I don't know about you but text outputs from *my* code are usually pretty boring. Well, I got a bit fed up with this recently and looked into how to make them less boring. Turns out all we need is a very basic `HTML`tag and simple code. 

This has proved to be very useful. In particular, I have found this to be particularly helpful when I am working with **text output from an LLM and want to highlight different parts of the text**.

Let me show you how.

## Intuition

The basic approach is super simple.

We import a couple of helper functions that Jupyter uses to print out HTML. This is a one-time thing you do at the top of the notebook (like you would do with `numpy` or `pandas`).

`from IPython.display import display, HTML`

For any text that we want to make colorful:
1. Write code to (a) put the words you want to display nicely in an HTML `<span>` tag (b) "style" the tag with the right color, font etc (don't worry if this stuff doesn't make sense - the examples below will make it clear).

2. Ask Jupyter to render the output as HTML.

That's it.

(BTW, if you are curious, you can read about the `<span>` tag [here](https://www.w3schools.com/tags/tag_span.asp)) 


## Examples

OK, let's get the import out of the way.

In [180]:
from IPython.display import display, HTML

### Example #1

Consider the sentence *"To err is human"*.

I will print the boring version first.

In [181]:
text = "To err is human"

print(text)

To err is human


How about we give a different color to each word?

In [182]:
text  = ("<span style='color: blue'>To </span>"
         "<span style='color: black'>err </span>"
         "<span style='color: green'>is </span>"
         "<span style='color: red'>human.</span>")

Things to note:
- We construct a string one word at a time.
- We place each word between `<span>` and `</span>` tags.
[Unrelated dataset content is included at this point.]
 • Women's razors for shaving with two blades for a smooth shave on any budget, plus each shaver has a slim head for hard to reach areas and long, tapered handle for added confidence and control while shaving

BTW, it doesn't have to be just a single word. You can place a whole sentence inside the span tag if you want.
- The `style=...` attribute of each span tag is where the magic happens. This is where we set the color and other formatting we want to do.

Next, we tell Jupyter to print this string out as HTML.

In [183]:
display(HTML(text))

Simple, right?

---
Apart from changing the color, you can change the formatting in many ways.
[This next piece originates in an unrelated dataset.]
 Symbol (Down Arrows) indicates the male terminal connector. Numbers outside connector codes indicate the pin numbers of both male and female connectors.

I asked ChatGPT what formatting choices are available and here's the loooooong [response](https://chatgpt.com/share/68001aad-15dc-8009-b9ff-d5f60cab54a1).

Here's a screenshot of just part of ChatGPT's response:

![image.png](attachment:961e2780-f8dc-4944-9b1f-9ca5456912bc.png)

---
Just for fun, let's 
- italicise "To"
- change "err" to white on a black background
- make "is" bold
- underline "human"

In [184]:
text  = ("<span style='color: blue; font-style: italic'>To </span>"
         "<span style='color: white; background-color: black'>err</span>"
         "<span style='color: green; font-weight: bold'> is </span>"
         "<span style='color: red; text-decoration: underline'>human.</span>")

In [185]:
display(HTML(text))

Yikes, this looks ugly, sorry. Anyway, I just wanted to convey how easy it is to change the formatting.

## Example 2

Let's look at a quick example to show how to do this **dynamically** with code.
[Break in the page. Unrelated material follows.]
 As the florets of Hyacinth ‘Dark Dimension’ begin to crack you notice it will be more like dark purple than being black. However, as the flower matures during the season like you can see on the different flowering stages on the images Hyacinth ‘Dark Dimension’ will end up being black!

We will work with Abraham Lincoln's famous [Gettysburg Address](https://www.abrahamlincolnonline.org/lincoln/speeches/gettysburg.htm).

In [186]:
ga = """Four score and seven years ago our fathers brought forth on this continent, a new nation, conceived in Liberty, and dedicated to the proposition that all men are created equal.

Now we are engaged in a great civil war, testing whether that nation, or any nation so conceived and so dedicated, can long endure. We are met on a great battle-field of that war. We have come to dedicate a portion of that field, as a final resting place for those who here gave their lives that that nation might live. It is altogether fitting and proper that we should do this.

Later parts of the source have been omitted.